Result: Edit Go file → 2-3 seconds → changes live

2. Resource Dependencies

k8s_resource(
  'meridian',
  resource_deps=[
    'cockroachdb',     # Wait for database
    'redis',           # Wait for cache
    'kafka-cluster',   # Wait for Kafka cluster (3 brokers)
  ],
)

Ensures services start in correct order, waits for health checks.

3. Backing Services

CockroachDB (StatefulSet with persistent storage):

k8s_yaml('''
apiVersion: apps/v1
kind: StatefulSet
metadata:
  name: cockroachdb
spec:
  serviceName: cockroachdb
  replicas: 1

  # ... (matches production pattern)

''')

Kafka (3-broker StatefulSet with KRaft):

# Multi-broker Kafka cluster (no Zookeeper - uses KRaft consensus)

k8s_yaml(blob('''
apiVersion: apps/v1
kind: StatefulSet
metadata:
  name: kafka
spec:
  serviceName: kafka-headless
  replicas: 3  # Minimum for quorum

  # ... (KRaft quorum configuration)

'''))

Redis (standard deployment):

k8s_yaml('''
apiVersion: apps/v1
kind: Deployment
metadata:
  name: redis

# ... (production-like config)

''')

4. Development Helpers

Automatic testing:

local_resource(
  'test',
  cmd='make test',
  deps=['./cmd', './internal', './pkg'],
  labels=['tests'],
  allow_parallel=True,  # Runs while services start
)

On-demand linting:

local_resource(
  'lint',
  cmd='make lint',
  deps=['./cmd', './internal', './pkg'],
  labels=['quality'],
  auto_init=False,  # Run manually: 'tilt trigger lint'
)

5. Resource Organization

k8s_resource('meridian', labels=['app'])
k8s_resource('cockroachdb', labels=['database'])
k8s_resource('redis', labels=['cache'])
k8s_resource('kafka-cluster', labels=['messaging'])

Tilt UI groups by label:

┌─ app ──────────────────────┐
│ ✓ meridian                 │
├─ database ─────────────────┤
│ ✓ cockroachdb              │
├─ cache ────────────────────┤
│ ✓ redis                    │
├─ messaging ────────────────┤
│ ✓ kafka-cluster (3 pods)   │
├─ tests ────────────────────┤
│ ✓ test (passed)            │
├─ quality ──────────────────┤
│ ○ lint (manual)            │
└────────────────────────────┘

6. Port Forwarding

k8s_resource(
  'meridian',
  port_forwards=[
    '8080:8080',  # HTTP API
    '9090:9090',  # gRPC API
  ],
)

k8s_resource('cockroachdb', port_forwards='26257:26257')
k8s_resource('redis', port_forwards='6379:6379')
k8s_resource('kafka-cluster', port_forwards='9092:9092')  # Forwards to kafka-0

Automatic - no manual kubectl port-forward needed!
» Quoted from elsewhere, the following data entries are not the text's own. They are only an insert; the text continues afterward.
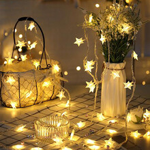 贵港市港北区傲逸百货店超市 墨斗鱼 LED灯小彩灯 满天星闪灯婚庆生日聚会节日庆典表白串灯挂墙装饰灯 暖白色星星灯3米20灯电池款
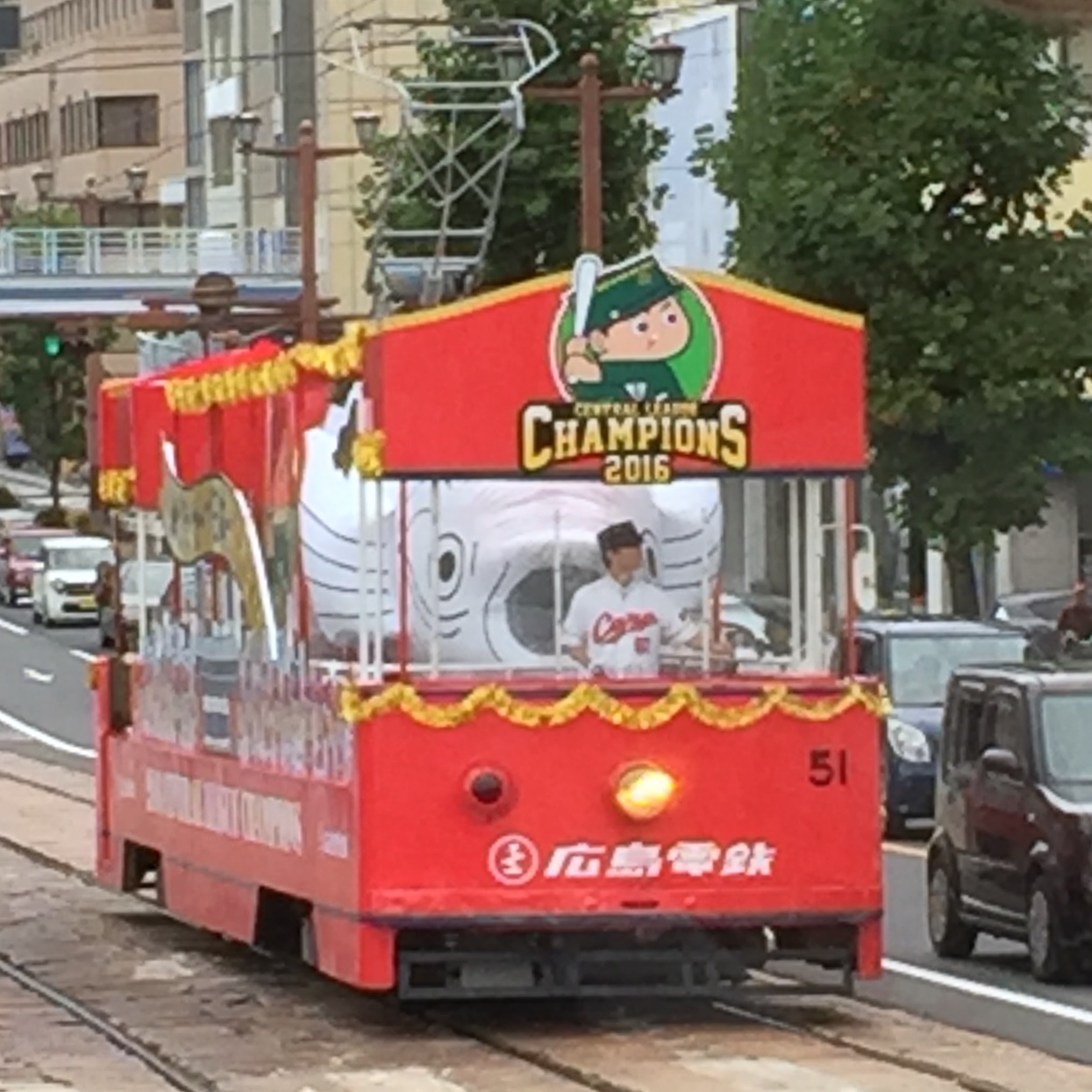 午後ブランクだったので、教室に戻り、編み物教室に遅れて参加しようと移動したら、カープ優勝記念花電車が!
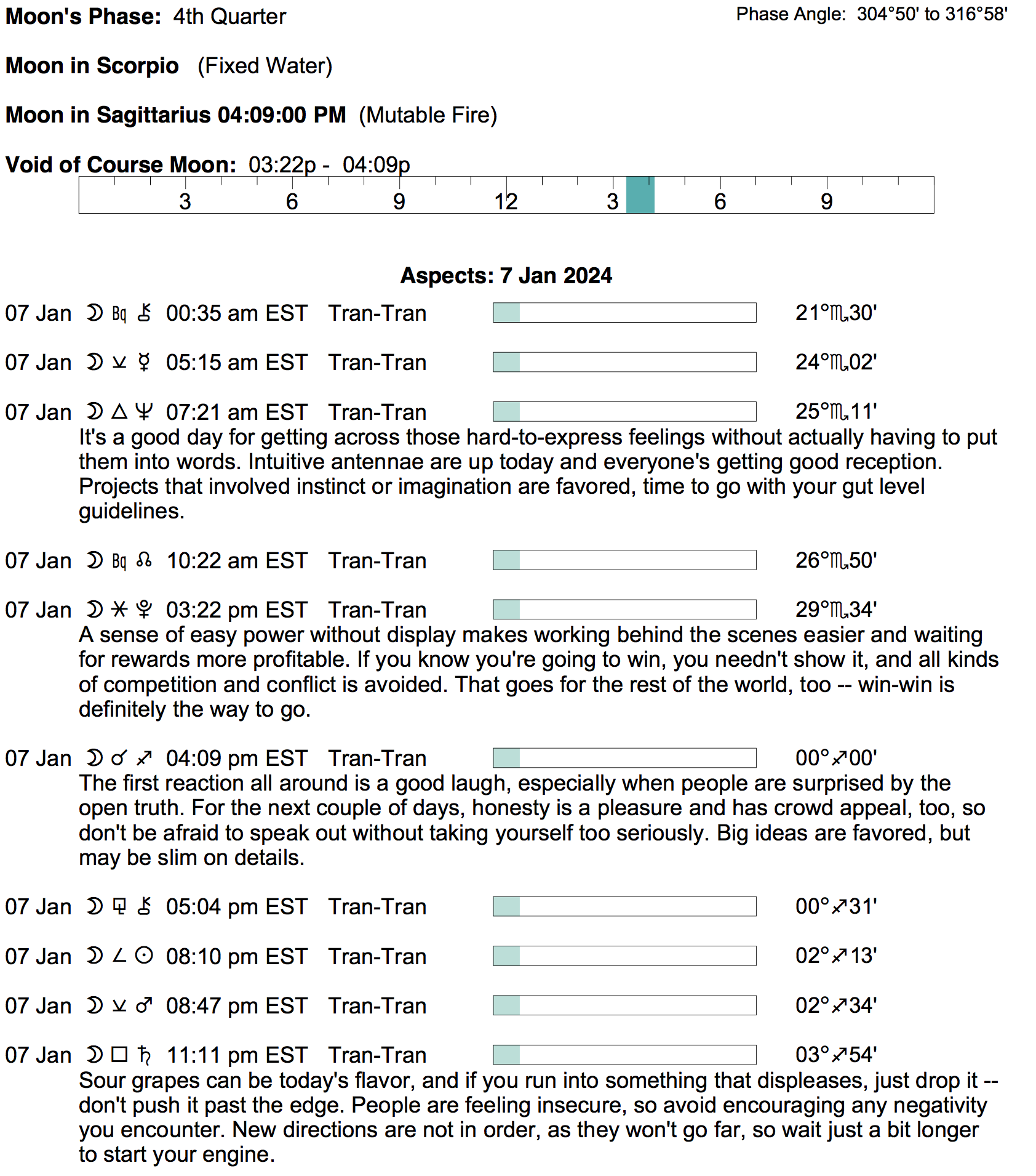 - A void Moon period occurs from 3:21 PM to 4:08 PM today.
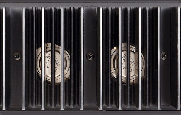 Fent: A Sansui 7070 hátulján található hűtőborda közeli felvétele.
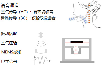 基于優(yōu)越性能/可靠性以及超低功耗,拾取骨導(dǎo)語(yǔ)音通道信號(hào),結(jié)合算法,改善語(yǔ)音交互質(zhì)量。
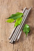 Zdjęcie "Zamknij bambusowe słomki zielonym liściem. Koncepcja ekologicznego produktu." może być wykorzystywane do celów osobistych i komercyjnych zgodnie z warunkami zakupionej licencji Royalty-free. Obraz jest dostępny do pobrania w jakości wysokiej rozdzielczości do 5760x3840.
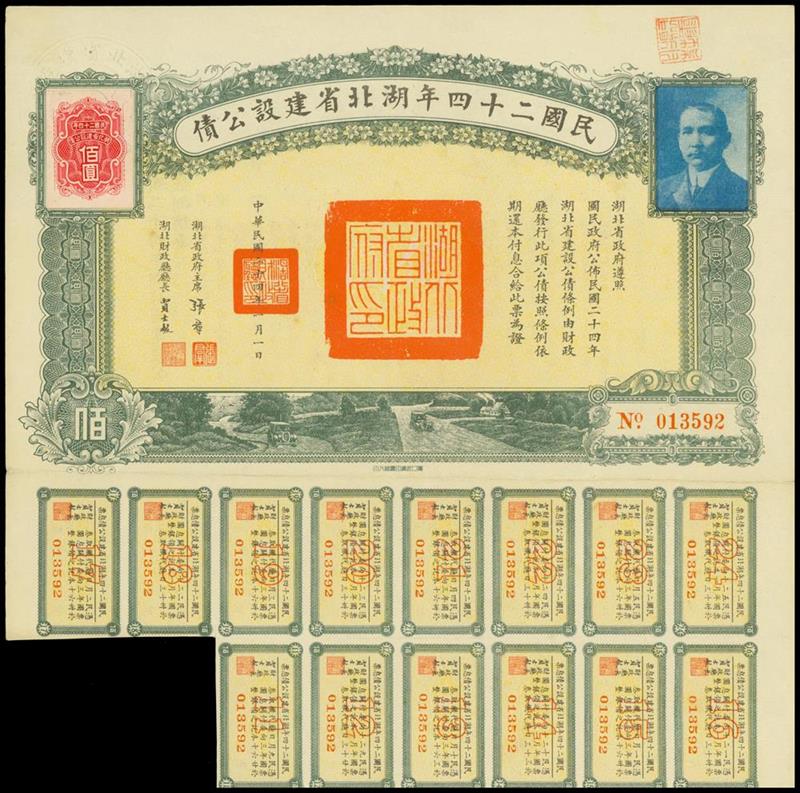 6% 1935 Hupeh Province Construction Loan, bond for 100yuan, serial number 013592, green and yellow, Sun Yat Sen at top right, red revenu stamp top left, motor cars on road at centre,
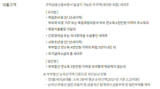 - 우대형 : 만 35세 이하의 취업준비생, 희망키움통장 가입자, 근로장려금 또는 자녀장려금 수급자, 사회초년생, 주거급여 수급자 중 세대주
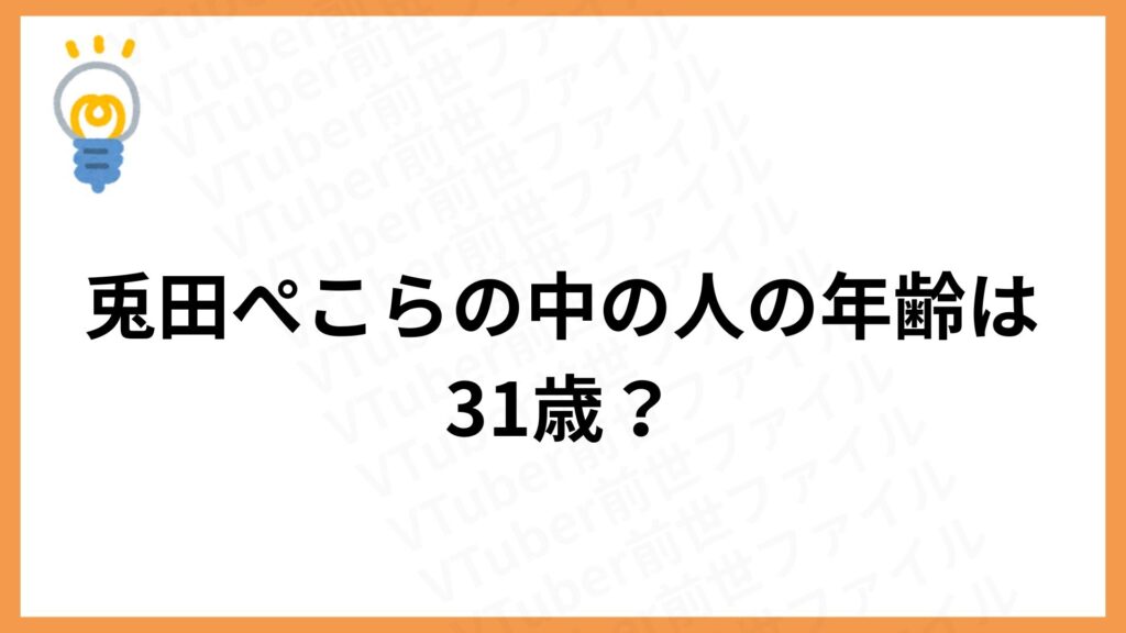 兎田ぺこらの年齢は111歳ですが、中の人の年齢は31歳と推定されています。
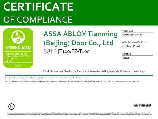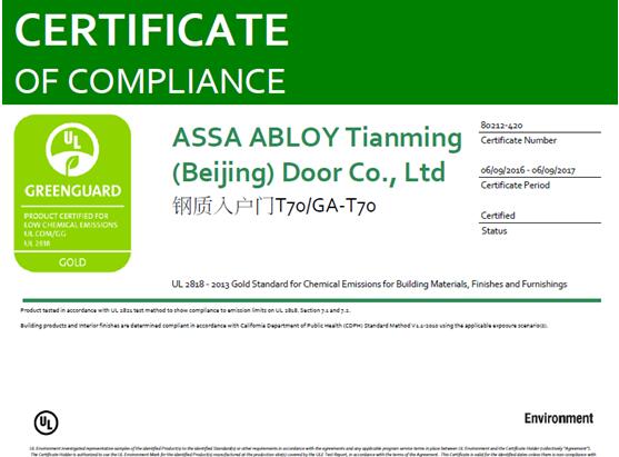 5. 作為全球開門解決方案的領先者,亞薩合萊天明的多種產品通過了公安部消防產品合格評定中心的型式認可認證,防盜安全門檢測以及美國UL、英國BS、俄羅斯ROCT等標準的檢測,可否談談在產品保持高標準且不斷創新的同時堅持綠色可持續發展,使亞薩合萊的防火門始終致力于在建材行業的領先地位?
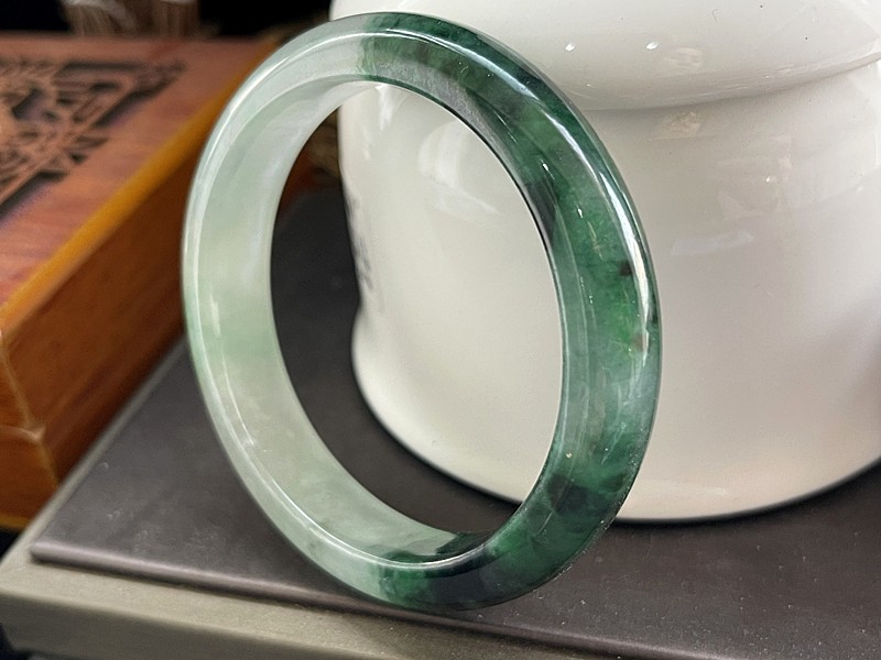 как выглядит Certified Natural Grade AAA Ice Burmese Green Jade jadeite bracelet bangle 56MM фото

Note: Port forwarding connects to kafka-0 (first broker). All 3 brokers (kafka-0, kafka-1, kafka-2) are accessible within the cluster via the headless service.

Developer Workflow

Initial Setup (One-Time)

# 1. Verify prerequisites and auto-fix issues

./scripts/doctor.sh --fix

# 3. Create local Kubernetes cluster with local registry (recommended: Kind with ctlptl)

ctlptl create cluster kind --registry=ctlptl-registry --name=kind-meridian-local

# Verify cluster is ready

kubectl cluster-info

Daily Development

# Start everything

tilt up

# Tilt UI opens at: http://localhost:10350

# Wait for all resources to be green (ready)

# Services available at:

#   - Meridian API:  http://localhost:8080

#   - Meridian gRPC: localhost:9090

#   - CockroachDB:   localhost:26257

#   - Redis:         localhost:6379

#   - Kafka Cluster: localhost:9092 (3 brokers: kafka-0, kafka-1, kafka-2)

# Make code changes

vim internal/domain/booking_log.go

# Changes automatically:

#   1. Sync to container (instant)

#   2. Rebuild binary (2-3 seconds)

#   3. Restart service

#   4. Logs appear in Tilt UI

# View logs for specific service

tilt logs meridian

# Run tests manually (auto-runs on file changes)

tilt trigger test

# Run linters on-demand

tilt trigger lint

# Stop everything (clean shutdown)

tilt down

Time from code change to running: ~2-3 seconds 🚀

Performance Optimizations

File Watching

Tilt watches files and only syncs changes:

sync('./internal', '/app/internal')  # Only changed files sync

Incremental Builds

run('go build -o meridian ./cmd/meridian')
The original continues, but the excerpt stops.